What better way to kick off my 26th year than to discuss the 25 lessons I’ve learned since last year, am I right?
I’ve made it to 26 and I’ve never been prouder. I feel like now my life is really starting to take off and all the other years were preparation for the next ones acoming… The next ones acoming will be filled with stability. I’ll make sure of that. I feel like my life has been missing that. All my life has ever needed is stability.
Below, you’ll find 25 things I learned last year or already knew but have decided to stick with this year.
1) if you don’t love yourself, you won’t allow for anyone else to love you
I might take the mick out of myself, but I’m very confident in my skin, secure in myself and am very aware of who I am as a person.
2) don’t be resentful
If things don’t go the way you intially planned, or things don’t work out as you’d hoped – don’t worry. Don’t resent people or circumstances in your life. Everything happens for a reason.
3) what’s meant for you is yours
No one has ever missed an opportunity that was written in their book of life. The only opportunities missed are ones that weren’t meant for us in the first place.
4) be patient no matter what
Patience is everything. Take That wrote a song about it. Have a little patience. It’ll all work out in the end, don’t rush anything. God knows we’ve all tried to rush stuff to no avail.
5) actions speak louder than words
Be proactive not just literate. You’ve got to and talk. That’s the secret to a happy anything.
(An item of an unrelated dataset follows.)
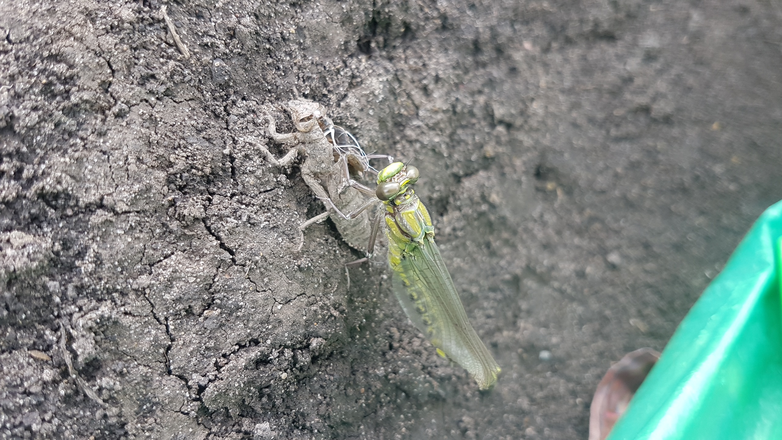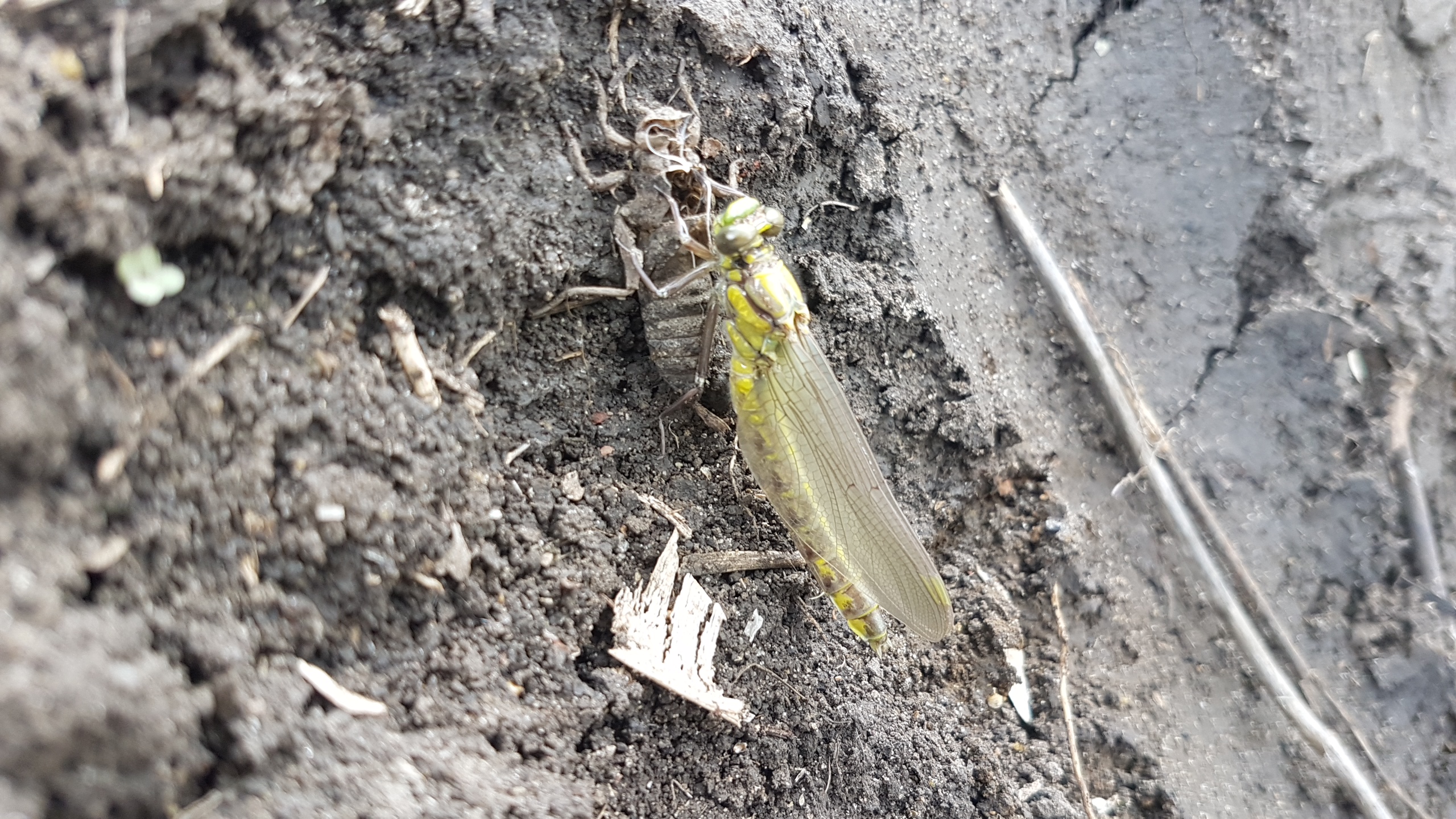 Первый раз видел выход личинки стрекозы из воды на берег. Вышла из своей 'скорлупки', обсохла и полетела.

6) life is about finding yourself
Do things that challenge and grow you as a person, if you’re not spending your time conquering fears, pushing yourself out of comfort zones and being fearless, you’re not living.
7) be yourself
Stand up for what you believe in and be yourself throughout. Don’t spend your time trying to change for other people to like you. The right people will see past it all and love you.
8) be true to yourself and others
Don’t lie to yourself or others. Be honest about what and who you are no matter how hard it is. We all make mistakes, those who admit to those and have no problem talking about them are the winners.
9) take time to meditate
Meditation helps with anxiety and enables you to enter another world of pure tranquility. I’ve been doing this as much as I can, it’s so helpful. It helps to see things clearer.
10) trust your instincts
Whatever your instincts are telling you, you’re right to feel it.
If you believe in God, pray to him. If you don’t, pray to yourself. Tell yourself things, and put steps in place that helps you put them into action i.e. dreams.
12) dare to dream
No dream is too big if you can visualise yourself doing it and really believe in it.
13) work hard
Put all your efforts into working hard and earning a name for yourself in the industry that you specialise in, or earn the grades you’re striving to get at school/college/uni.
14) enjoy life
Life is too short. Enjoy it.
15) focus on the positive
The key to a happy life is to focus on the positives. There’s good and bad in all situations, accept the bad but dwell on the good.
17) be selfish when you need to be
Don’t live life for anyone else. Your life is yours alone. The people you’re “living for” (in the ways they want you to be) aren’t going to be there always.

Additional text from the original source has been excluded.